There are many different modalities of ventilators and respiratory devices in the NICU setting. The risks and benefits should be discussed with your neonatologist, as well as the indication for use on your baby. NICU nurses HEAVILY RELY on our respiratory therapists, since they are the ones who literally “eat, sleep, and breathe” all things related to preemie lungs! Here is my short and hopefully helpful description of the various types of NICU respiratory support:
HFOV (High Frequency Oscillator Ventilator) — Provides smaller, faster, but shorter bursts of breaths which may be less damaging to the preemie’s fragile lungs. This type of ventilator helps to reduce the chronic respiratory problems experienced by babies born prematurely by improving carbon dioxide elimination.
Various Mechanical Ventilators (Conventional, Drager, etc.) — A machine that helps the baby breathe (via breathing for the baby) when the baby is unable to breathe on his/her own.
HFJV (High Frequency Jet Ventilator, “Jet”) — High-frequency ventilators are often used for very small, very sick, extremely premature babies. They breathe much faster than conventional ventilators.

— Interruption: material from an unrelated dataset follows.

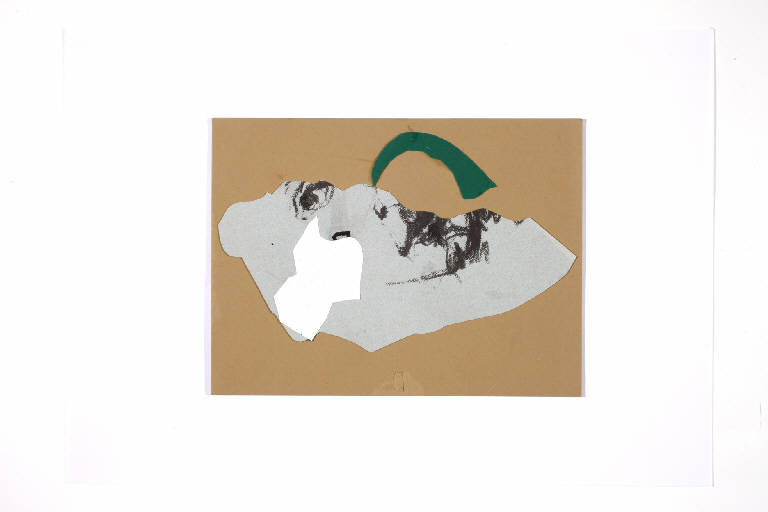 collage di cartoncino colorato, carta, e colla vinilica. Colore: verde scuro, bianco, grigio chiaro e scuro, nero, marrone chiaro. Soggetto: elemento decorativo.

CPAP (Continuous Positive Airway Pressure) — A mode of ventilator assistance in which positive pressure is delivered to the airway throughout the respiratory cycle. Constant air pressure is transmitted down into the baby’s lungs, helping them to stay inflated (distended) and eliminating alveolar collapse.
SiPAP — A type of non-invasive ventilatory support used in preemies. It provides bi-level nasal CPAP for the spontaneously breathing neonate through the delivery of sighs above a baseline CPAP pressure. These sighs may be timed, at a rate specified by clinicians, or “triggered” by the baby’s own inspiratory efforts. This mode is also used when extubating patients and helps to maintain functional residual capacity, reduce work of breathing, and stimulate the respiratory center.
HFNC (High Flow Nasal Cannula) — This is a small plastic tube that goes into the baby’s nose and is humidified with increased oxygen/air potential. The air-oxygen flow (via blender) ranges from 1-6 L/minute. Minimal oxygen support is provided with high pressure.
RAM Cannula — A “newer” oxygen delivery device that can be used as an alternative approach to delivering positive pressure. By providing a continuous distending pressure and intermittent breaths, this mode improves tidal volumes, reduces work of breathing, improves oxygenation, and increases carbon dioxide elimination. Due to the increased diameter of the inner nasal prongs, a decrease in airflow resistance is allowed when compared to a traditional nasal cannula.
iNO (Inhaled Nitric Oxide) — Improves gas exchange in infants with chronic respiratory failure (persistent pulmonary hypertension of the newborn “PPHN”) through enhanced ventilation-perfusion matching and/or a reversal or extrapulmonary shunting.
Oxygen blenders allow the fraction of inspired O2 concentration to be adjusted between 21% and 100%
NICU RTs & RNs… Am I missing anything from the list? What are your thoughts, comments, suggestions, questions, etc.? Isn’t it so incredible how the loud, scary, bulky, ancient ventilators that existed when dinosaurs roamed the earth are the ones that are the most gentle, successful, and effective on the preemie’s tiny, fragile lungs?